En guise de conclusion : les tâches auxquelles est confronté l’islam libéral
Nous avons identifié trois limites au travail de l’islam libéral et à sa capacité de créer une alternative crédible à l’islam traditionniste et activiste. Premièrement, il y a la question du corpus : l’islam libéral a très peu de productions discursives susceptibles de nourrir une audience religieuse, et cela est particulièrement vrai pour les communautés musulmanes d’Europe. Même si les acteurs de l’islam libéral en France aspirent à la rénovation ou l’aggiornamento de la pensée islamique, le bilan est plutôt maigre. Pourtant, des centaines de textes écrits en langues non européennes existent, mais continuent d’être ignorés ou isolés les uns des autres. Si un mouvement de traduction et de centralisation vient à être initié, il se peut qu’une partie de ce problème soit résolue en mettant, par exemple en France, à la disposition des musulmans français une pensée religieuse de l’islam libéral issue de mondes divers.
Deuxièmement, l’islam libéral est très peu organisé, voire pas du tout. En France, en tout cas, il n’est pas pour l’instant organisé alors même qu’il pourrait bénéficier d’une centralisation de ses nombreux intellectuels et sensibilités qui se reconnaissent dans cette interprétation. Il est aussi crucial pour l’islam libéral de s’organiser par le bas, en établissant des lieux de culte, des cours de religion de base, et d’entretenir un minimum de cohérence spirituelle accessible lors des moments clefs de la spiritualité musulmane (Ramadan, etc.). L’expérience allemande est plus avancée que celle de la France, et il y a des leçons à en tirer même si cette expérience reste elle-même encore marginale.
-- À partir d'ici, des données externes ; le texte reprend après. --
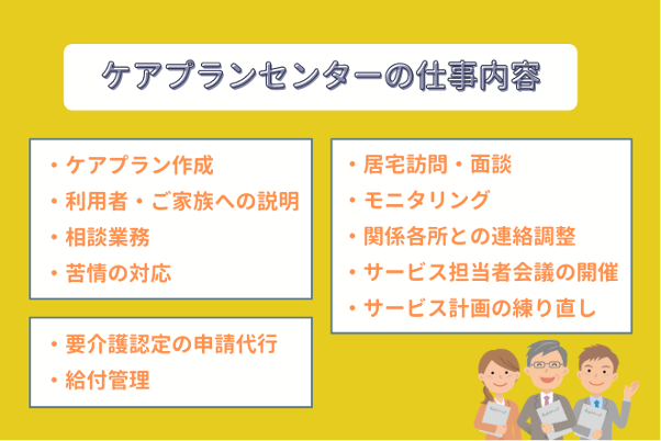 本コラムではこのケアプランセンターの役割や仕事内容について詳しく解説していきます。
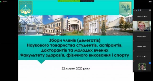 22 жовтня 2020 року відбулися Збори делегатів Наукового товариства студентів, аспірантів, докторантів та молодих вчених Факультету здоров’я, фізичного виховання і спорту Київського університету імені Бориса Грінченка.
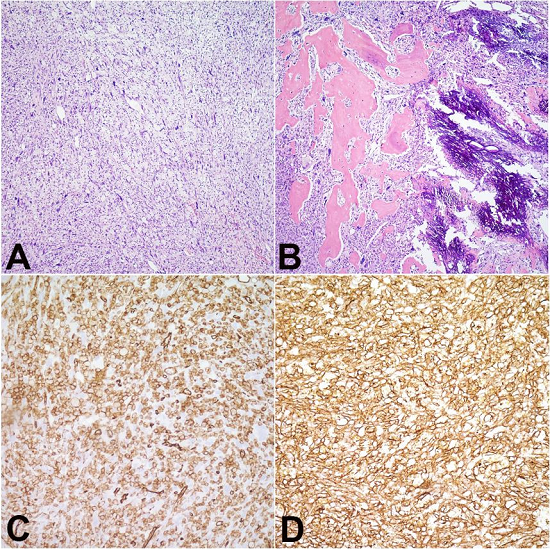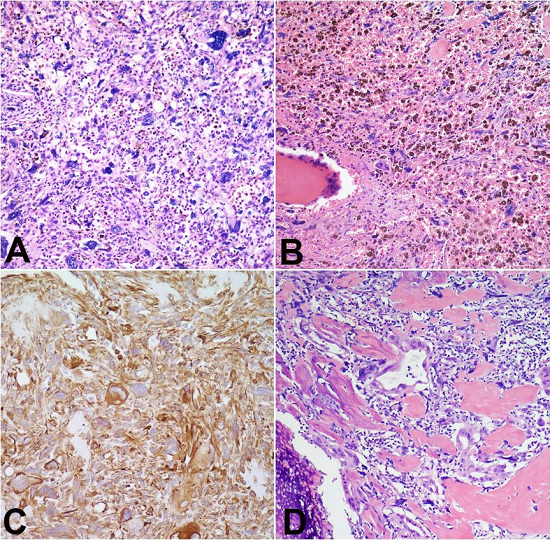On microscopic examination, the tumor was predominated by pleomorphic, spindle cells associated with hemorrhage and abundant hemosiderin pigment (Figures 2A and 2B). The spindle cell sarcomatous component was diffusely immunoreactive with vimentin (Figure 2C). Notably, the tumor contained several well-formed ductal structures (Figure 2D). With immunohistochemical staining the glandular structures were reactive with CK AE1/AE3 and CK Cam5.2 (Figures 3A and 3B). Osteoclast-like giant cells were present individually and in clusters (Figure 3C), staining positive for CD68 (Figure 3D), and were admixed within a background of numerous foamy histiocytes (Figure 4A). Areas of irregular calcification as well as malignant osteoid were evident within the tumor (Figure 4B). The foamy macrophages throughout the tumor as well as the osteoclast-like giant cells were immunoreactive with CD68 and CD31. The malignant spindle cells were positive for CD34, while CD31 highlighted adjacent foamy macrophages and giant cells (Figures 4C and 4D). Several large vacuolated malignant cells were admixed with the numerous foamy macrophages that resembled lipoblasts. This morphology and immunohistochemistry staining pattern was consistent with undifferentiated carcinoma of the pancreas with osteoclast-like giant cells. No premalignant lesions, including pancreatic intraepithelial neoplasia, intraductal papillary mucinous neoplasms and mucinous cystic neoplasm were identified.
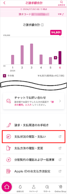 [支払状況の確認・支払い]をタップします。
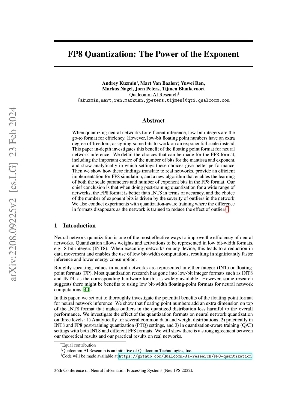 When quantizing neural networks for efficient inference, low-bit integers are the go-to format for efficiency. However, low-bit floating point numbers have an extra degree of freedom, assigning some bits to work on an exponential scale instead. This paper in-depth investigates this benefit of the floating point format for neural network inference. We detail the choices that can be made for the FP8 format, including the important choice of the number of bits for the mantissa and exponent, and show analytically in which settings these choices give better performance. Then we show how these findings translate to real networks, provide an efficient implementation for FP8 simulation, and a new algorithm that enables the learning of both the scale parameters and the number of exponent bits in the FP8 format. Our chief conclusion is that when doing post-training quantization for a wide range of networks, the FP8 format is better than INT8 in terms of accuracy, and the choice of the number of exponent bits is driven by the severity of outliers in the network. We also conduct experiments with quantization-aware training where the difference in formats disappears as the network is trained to reduce the effect of outliers.

Troisièmement, nous avons noté combien les différentes initiatives prises aussi bien dans le monde musulman qu’en Europe perdent de leur élan après quelques années : les sites ne sont plus mis à jour, les activités deviennent de plus en plus rares, les figures principales requirent la protection policière, et le manque de ressources financières et spirituelles aussi bien que les conditions de sécurité semblent justifier cette fatigue. La persistance et la durabilité manquent à ces projets de l’islam libéral sachant que, de leur côté, les courants de l’islam traditionniste et activiste sont infatigables.